Zimbabwe’s tobacco export sector has opened 2026 with strong gains in both value and volume, reinforcing the crop’s position as the country’s leading agricultural foreign currency earner. Export receipts for the opening weeks of the year rose by 73.8 percent compared with the same period in 2025, while volumes expanded by 64.3 percent.
Data released by the Tobacco Industry and Marketing Board (TIMB), shows that 54.8 million kilogrammes of tobacco had been shipped by mid-February, generating US$399.8 million at an average price of US$7.30 per kilogramme. Over the same period last year, exports stood at 33.35 million kilogrammes valued at US$230 million, with an average price of US$6.90 per kilogramme.
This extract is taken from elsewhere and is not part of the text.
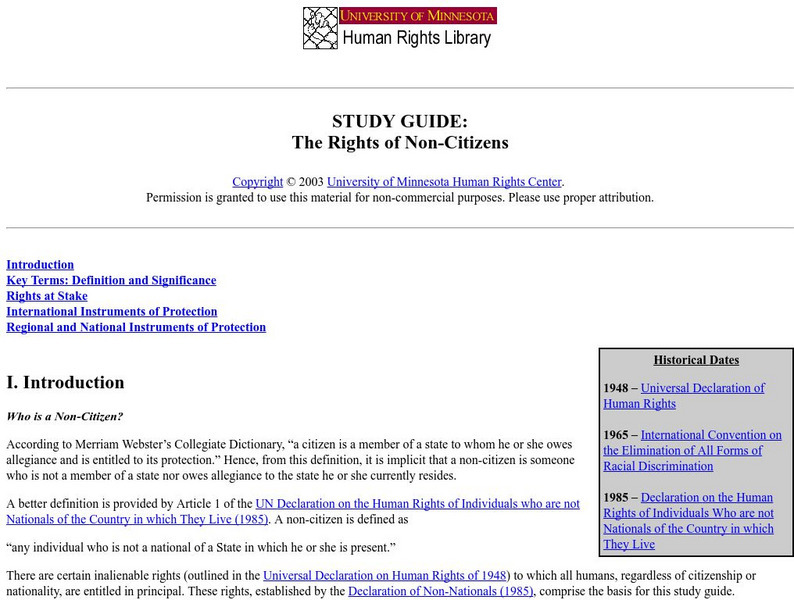 University of Minnesota Human Rights Library: The Rights of Non Citizens

The Far East remains the dominant destination, absorbing 36.2 million kilogrammes worth US$320.9 million. Buyers in that region paid an average of US$8.86 per kilogramme, well above the global average, underlining Asia’s continued appetite for Zimbabwe’s flue-cured tobacco. Industry analysts attribute the premium to sustained cigarette manufacturing demand in China and neighbouring markets, where blending requirements favour Zimbabwe’s leaf quality.
The Middle East ranked second by volume, importing 5.1 million kilogrammes valued at US$14.3 million at an average price of US$2.79 per kilogramme. Europe accounted for just under 7.9 million kilogrammes worth more than US$40.7 million. Within that total, European Union markets paid an average of US$4.21 per kilogramme, while other European buyers averaged US$5.96. Africa and the Americas imported 3.2 million and 2.3 million kilogrammes respectively.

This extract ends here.